§ **TASK TO CARRY OUT**:
Look below for the line containing "führt sie ihre"; from there, print each line exactly up to and including the line containing "Unbranded Metal Hats", and stop.
*** Opening RECORDS FOR THE TASK ***
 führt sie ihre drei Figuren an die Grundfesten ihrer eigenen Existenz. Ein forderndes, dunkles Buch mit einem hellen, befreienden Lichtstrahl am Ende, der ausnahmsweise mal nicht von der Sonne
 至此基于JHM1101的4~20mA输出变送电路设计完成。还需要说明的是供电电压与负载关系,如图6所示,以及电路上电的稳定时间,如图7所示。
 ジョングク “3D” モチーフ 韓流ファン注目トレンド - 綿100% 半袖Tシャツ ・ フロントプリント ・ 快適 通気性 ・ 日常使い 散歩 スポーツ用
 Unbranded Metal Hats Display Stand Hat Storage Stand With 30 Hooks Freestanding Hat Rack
*** Closing RECORDS FOR THE TASK ***
*** Opening RECORDS FOR THE TASK ***
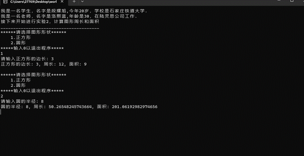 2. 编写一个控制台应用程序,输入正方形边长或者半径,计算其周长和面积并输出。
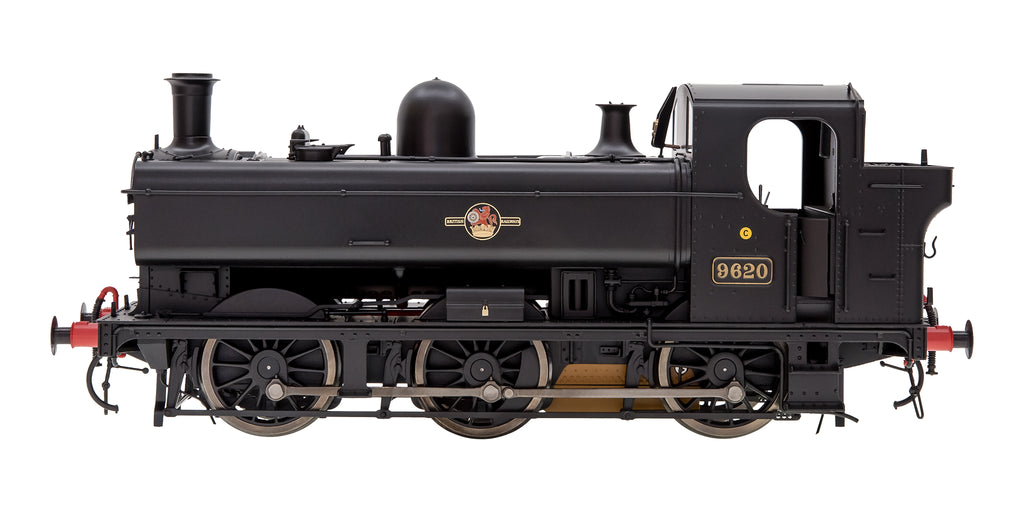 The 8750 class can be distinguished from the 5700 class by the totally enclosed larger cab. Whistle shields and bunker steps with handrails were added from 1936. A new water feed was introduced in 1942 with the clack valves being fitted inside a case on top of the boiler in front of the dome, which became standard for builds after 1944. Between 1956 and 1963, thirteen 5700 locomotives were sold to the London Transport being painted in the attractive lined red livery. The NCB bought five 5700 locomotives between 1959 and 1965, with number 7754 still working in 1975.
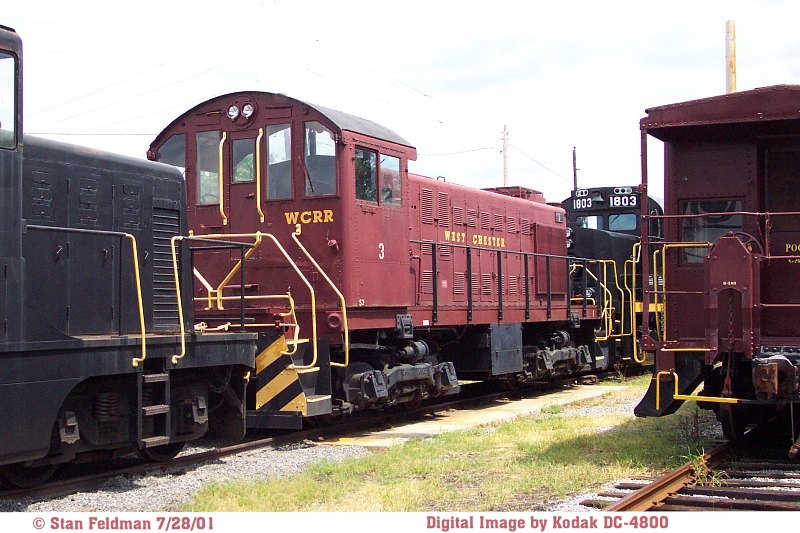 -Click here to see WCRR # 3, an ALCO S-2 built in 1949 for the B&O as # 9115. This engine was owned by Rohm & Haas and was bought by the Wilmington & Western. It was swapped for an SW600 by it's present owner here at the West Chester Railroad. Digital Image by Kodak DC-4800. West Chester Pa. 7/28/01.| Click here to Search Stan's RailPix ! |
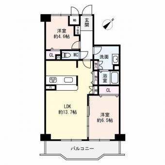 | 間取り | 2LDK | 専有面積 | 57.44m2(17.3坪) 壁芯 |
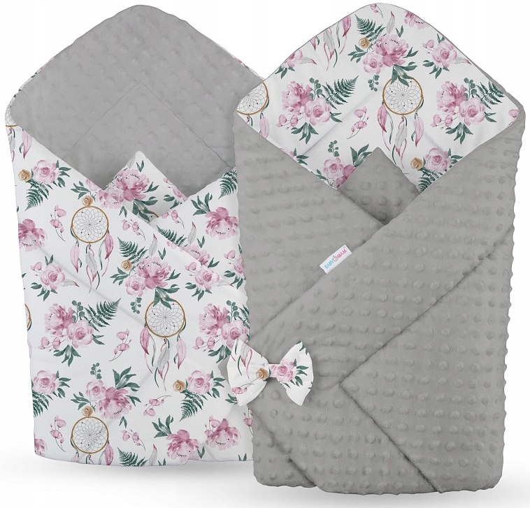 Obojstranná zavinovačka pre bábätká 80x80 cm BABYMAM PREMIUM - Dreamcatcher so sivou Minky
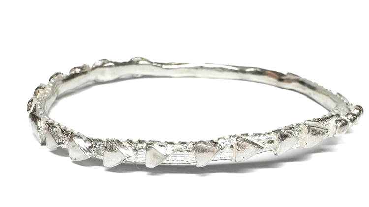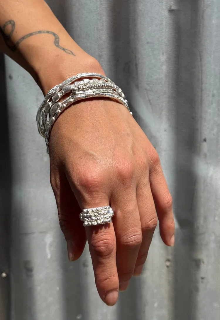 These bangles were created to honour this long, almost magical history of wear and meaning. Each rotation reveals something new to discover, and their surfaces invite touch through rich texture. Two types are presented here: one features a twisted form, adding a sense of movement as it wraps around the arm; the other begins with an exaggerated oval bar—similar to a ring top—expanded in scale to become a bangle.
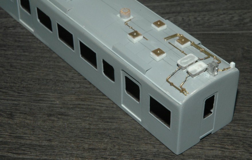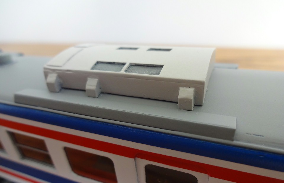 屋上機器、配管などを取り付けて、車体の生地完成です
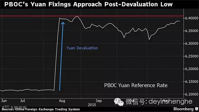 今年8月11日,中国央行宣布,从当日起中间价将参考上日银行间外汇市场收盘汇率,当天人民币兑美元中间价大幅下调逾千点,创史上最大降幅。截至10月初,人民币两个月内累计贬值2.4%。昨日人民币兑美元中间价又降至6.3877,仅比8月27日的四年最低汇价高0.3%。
*** Closing RECORDS FOR THE TASK ***
*** Opening RECORDS FOR THE TASK ***
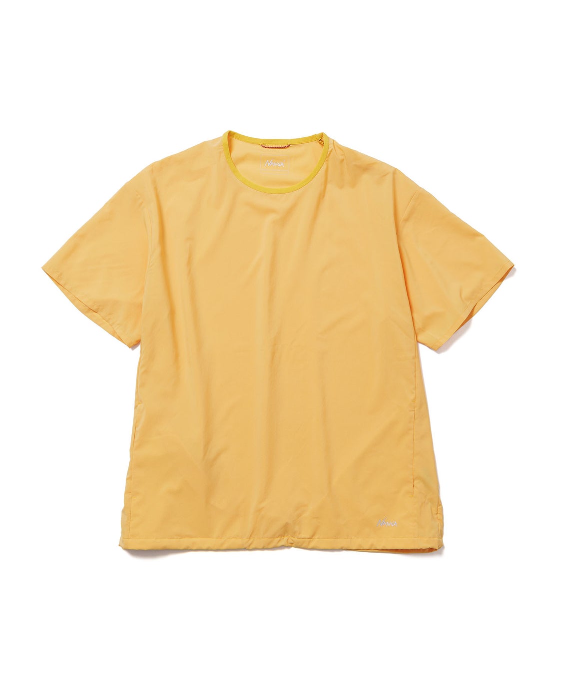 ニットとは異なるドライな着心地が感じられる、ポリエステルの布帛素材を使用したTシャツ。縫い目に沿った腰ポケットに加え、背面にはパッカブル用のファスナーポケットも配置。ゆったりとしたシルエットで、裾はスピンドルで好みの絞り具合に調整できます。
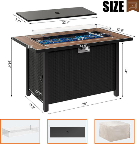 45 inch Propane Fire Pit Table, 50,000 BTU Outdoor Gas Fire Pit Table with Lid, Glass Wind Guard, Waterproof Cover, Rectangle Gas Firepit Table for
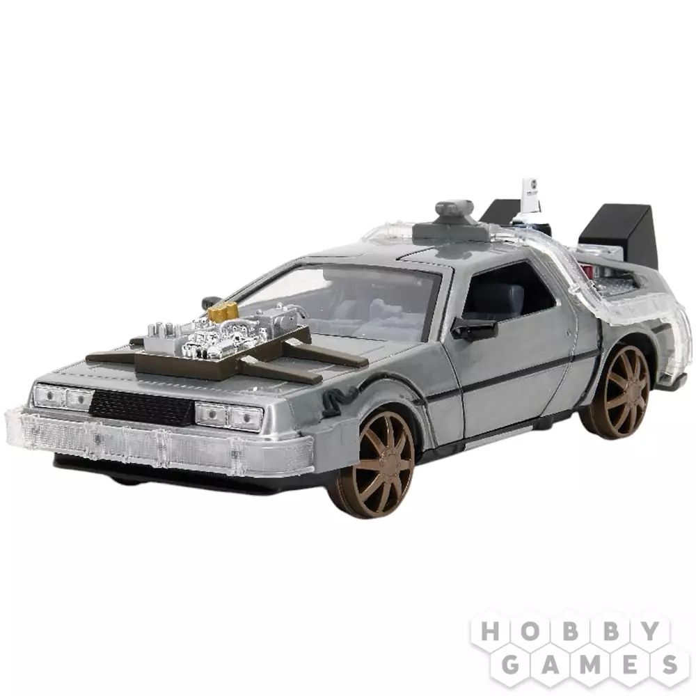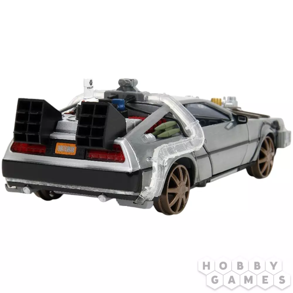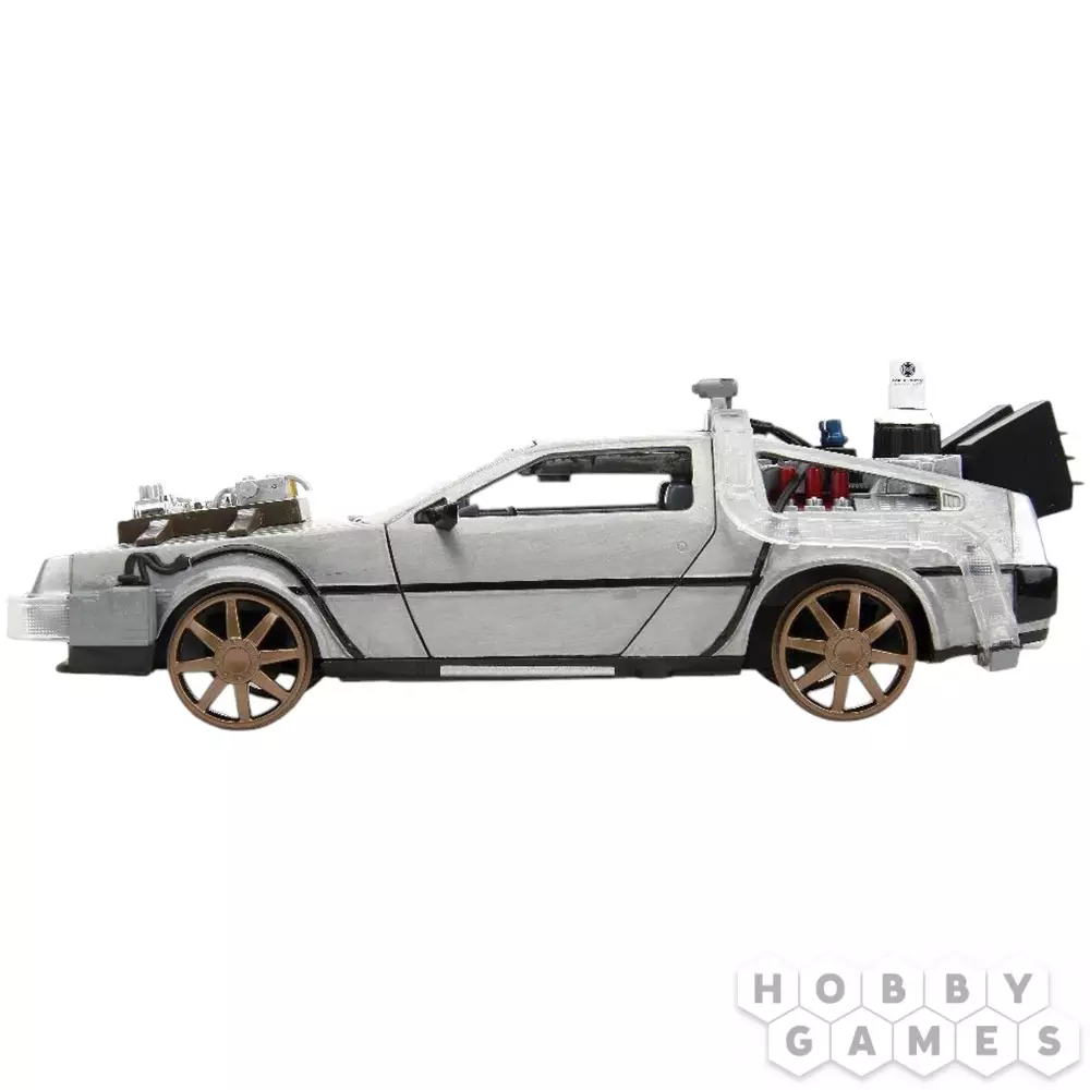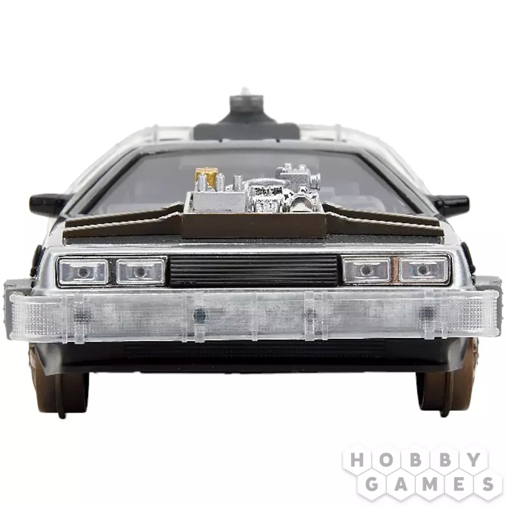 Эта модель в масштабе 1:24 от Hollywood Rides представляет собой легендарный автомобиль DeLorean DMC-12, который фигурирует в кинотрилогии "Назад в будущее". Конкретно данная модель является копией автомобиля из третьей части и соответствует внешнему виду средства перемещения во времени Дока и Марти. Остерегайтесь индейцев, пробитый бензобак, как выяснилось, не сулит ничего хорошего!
*** Closing RECORDS FOR THE TASK ***
§ **RESULT OF THIS TASK**:
 führt sie ihre drei Figuren an die Grundfesten ihrer eigenen Existenz. Ein forderndes, dunkles Buch mit einem hellen, befreienden Lichtstrahl am Ende, der ausnahmsweise mal nicht von der Sonne
 至此基于JHM1101的4~20mA输出变送电路设计完成。还需要说明的是供电电压与负载关系,如图6所示,以及电路上电的稳定时间,如图7所示。
 ジョングク “3D” モチーフ 韓流ファン注目トレンド - 綿100% 半袖Tシャツ ・ フロントプリント ・ 快適 通気性 ・ 日常使い 散歩 スポーツ用
 Unbranded Metal Hats Display Stand Hat Storage Stand With 30 Hooks Freestanding Hat Rack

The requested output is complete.